You might love your tangerine car, but you might have a heck of a time selling it when you’re ready to get a brand new fuschia colored car.

Put me in the “give me funky colors” camp. I cried when I totaled my year-old fuchsia Ford Aspire. Resale value doesn’t bother me – we drive our vehicles into the ground anyway.

A couple of semi-educated speculations to amplify Glory’s post:

  1. I recall data from the WSJ indicating that the average new car today is much more expensive, has many more features, and will last much longer than the average new car of the 1960s or (especially) 1970s. (This is true despite the risk of additional trouble from all those power-assist motors.) A useful exercise is to watch the Game Show network and see what got people thrilled in on Let’s Make A Deal ca. 1975: White sidewall tires! AM-only radio! Fabric seats! Whereas many small children today don’t know how to turn a window handle because they’ve never seen one before.

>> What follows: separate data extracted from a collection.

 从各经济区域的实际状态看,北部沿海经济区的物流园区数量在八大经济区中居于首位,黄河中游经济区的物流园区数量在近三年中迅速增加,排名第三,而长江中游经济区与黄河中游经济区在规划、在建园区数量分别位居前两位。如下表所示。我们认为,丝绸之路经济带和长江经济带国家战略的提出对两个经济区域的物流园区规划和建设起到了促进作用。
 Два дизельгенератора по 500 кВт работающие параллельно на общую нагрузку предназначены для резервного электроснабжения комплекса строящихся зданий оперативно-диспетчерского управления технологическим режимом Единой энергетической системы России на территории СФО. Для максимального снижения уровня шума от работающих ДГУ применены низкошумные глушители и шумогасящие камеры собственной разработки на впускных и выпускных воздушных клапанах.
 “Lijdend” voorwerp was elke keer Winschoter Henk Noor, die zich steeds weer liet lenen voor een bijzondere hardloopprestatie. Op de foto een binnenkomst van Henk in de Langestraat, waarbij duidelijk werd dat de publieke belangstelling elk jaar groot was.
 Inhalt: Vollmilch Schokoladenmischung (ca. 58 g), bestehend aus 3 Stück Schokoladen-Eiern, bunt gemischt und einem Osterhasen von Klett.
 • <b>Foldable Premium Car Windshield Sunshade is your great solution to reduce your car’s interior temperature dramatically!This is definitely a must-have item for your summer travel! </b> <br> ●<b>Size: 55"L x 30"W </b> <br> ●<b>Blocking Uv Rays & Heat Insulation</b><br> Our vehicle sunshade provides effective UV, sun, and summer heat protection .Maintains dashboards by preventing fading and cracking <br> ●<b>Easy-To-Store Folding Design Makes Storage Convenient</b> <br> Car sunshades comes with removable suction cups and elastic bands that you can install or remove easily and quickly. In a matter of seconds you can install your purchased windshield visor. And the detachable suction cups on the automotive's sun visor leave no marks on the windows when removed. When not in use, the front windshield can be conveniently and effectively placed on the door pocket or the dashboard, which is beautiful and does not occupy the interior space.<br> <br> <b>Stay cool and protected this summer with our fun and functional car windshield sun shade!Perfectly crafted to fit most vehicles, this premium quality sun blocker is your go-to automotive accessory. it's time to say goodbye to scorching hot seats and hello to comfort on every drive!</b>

  2. A robust market now exists for leased cars. I don’t know much about the history, but it seems to me that leases didn’t become that common until the 1986 tax reform. (Prior to 1986, all interest on consumer debt was deductible. From 1986 on, only home-mortgage interest could be deducted, removing a major subsidy from car loans.)

  3. Because of 1 and 2, the used-car market is much larger and a much better value for lower-income and, in particular, younger car buyers who find themselves priced out of the new car market. Which means youth aren’t picking what colors cars are manufactured: instead it’s all those boring, middle-aged, don’t-want-to-stick-out, don’t-want-to-hurt-resale colors.

  4. There are exceptions, but they’re youth-oriented cars like the smaller Hondas, the “cute-ute” sport-utilities, the New Beetle.

It really depends on how wide your definition of the words “boring” and “dull” are.

Myself, I’m still waiting for the unveiling of plaid paint.:smiley:

:gasp:! WSLer, you’re my twin (or at least your off-handed joke is)! I’ve had the biggest desire to have my car plaid since the keys were passed into my hand. :smiley: I think it’d be great; distinctive and easy to describe (“Okay, so what car am I supposed to look out for?” “Oh, you’ll know”).

Heh heh. 'Course, since I don’t have a fancy schmancy nice car, that’s partially why I want it. Maybe I can get those sticker manufacturers (the ones that make the stickers for adverts on autos) to make huge sheets of the stuff in plaid and have it fixed to my car…

Who wouldn’t want to be known as the owner of the ugliest car in the world? :wink:

There was a plaid VW bug in my hometown. Tres chic! Also fun to play the punchbuggy game with.